Department of Anesthesiology, Larner College of Medicine, University of Vermont, Burlington, Vermont.
Department of Anesthesiology and Perioperative Medicine, Heersink School of Medicine, University of Alabama at Birmingham, Birmingham, Alabama.
Curr Opin Anaesthesiol. 2024 Aug 1;37(4):406-412. doi: 10.1097/ACO.0000000000001382. Epub 2024 May 3.
Given the rapid growth of nonoperating room anesthesia (NORA) in recent years, it is essential to review its unique challenges as well as strategies for patient selection and care optimization.
Recent investigations have uncovered an increasing prevalence of older and higher ASA physical status patients in NORA settings. Although closed claim data regarding patient injury demonstrate a lower proportion of NORA cases resulting in a claim than traditional operating room cases, NORA cases have an increased risk of claim for death. Challenges within NORA include site-specific differences, limitations in ergonomic design, and increased stress among anesthesia providers. Several authors have thus proposed strategies focusing on standardizing processes, site-specific protocols, and ergonomic improvements to mitigate risks.

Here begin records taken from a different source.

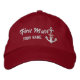 A dynamic personalized First Mate cap in nautical red and white style embroidered hat sure to make an impression on, or off the boat. Make this nautical star anchor design embroidery as unique as you are with your name, your location, or your boat's name.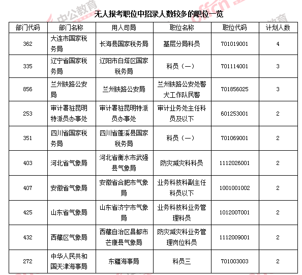 截止到24日9時30分,共有15440個職位有考生通過審核,占總職位數(shù)的98.6%,目前仍有219個崗位報考人數(shù)還未破零,約占1.4%。從各系統(tǒng)無人報考情況看,目前中央黨群機關(guān)、中央黨群機關(guān)參照公務(wù)員法管理人民團體和群眾團體系統(tǒng)、中央黨群機關(guān)參照公務(wù)員法管理事業(yè)單位三個系統(tǒng)的所有職位已經(jīng)全部有人過審。中央國家行政機關(guān)(本級)也僅僅只剩下2個職位無人過審,其中1個來自審計署, 1個來自國家外國專家局。目前就中央國家行政機關(guān)省級以下直屬機構(gòu)無人報考職位比較多,還有118個職位,這些職位多來自于稅務(wù)局、檢驗檢疫局、海關(guān)、海事局等。
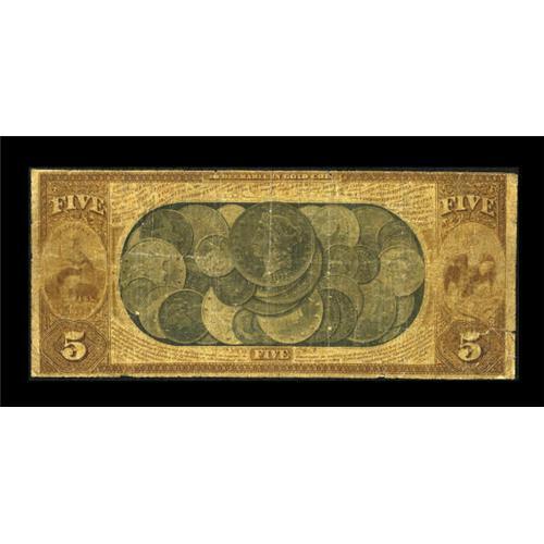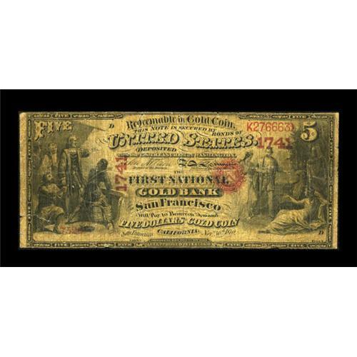 <B>San Francisco, CA</B></I> - $5 Original National Gold Bank Note Fr. 1136 <B>The First National Gold Bank</B></I> Ch. # 1741<BR> A well circulated but still quite collectible specimen with a few splits and one longer tear. The colors are strong for a note in this grade, and the all important coin vignette on the reverse is quite clear. <B>Very Good.</B></I><BR><BR><b>Shipping:</b> Coins & Currency (<a target="_blank" href="http://www.heritageauctions.com/common/shipping.php">view shipping information</a>)

Considering the unique challenges of NORA settings, meticulous patient selection, risk stratification, and preoperative optimization are crucial. Embracing data-driven strategies and leveraging technological innovations (such as artificial intelligence) is imperative to refine quality control methods in targeted areas. Collaborative efforts led by anesthesia providers will ensure personalized, well tolerated, and improved patient outcomes across all phases of NORA care.
近年来,非手术室麻醉(NORA)迅速发展,因此有必要对其独特的挑战以及患者选择和护理优化策略进行综述。
最近的研究发现,在 NORA 环境中,老年和更高 ASA 身体状况的患者比例不断增加。尽管关于患者伤害的封闭索赔数据表明,与传统手术室病例相比,NORA 病例导致索赔的比例较低,但 NORA 病例死亡索赔的风险增加。NORA 面临的挑战包括特定地点的差异、工效学设计的局限性以及麻醉提供者的压力增加。因此,一些作者提出了一些策略,重点是标准化流程、特定地点的协议和工效学改进,以降低风险。
考虑到 NORA 环境的独特挑战,细致的患者选择、风险分层和术前优化至关重要。采用数据驱动的策略并利用人工智能等技术创新对于改进特定领域的质量控制方法至关重要。由麻醉提供者牵头的合作努力将确保在 NORA 护理的所有阶段实现个性化、耐受性好和改善的患者结局。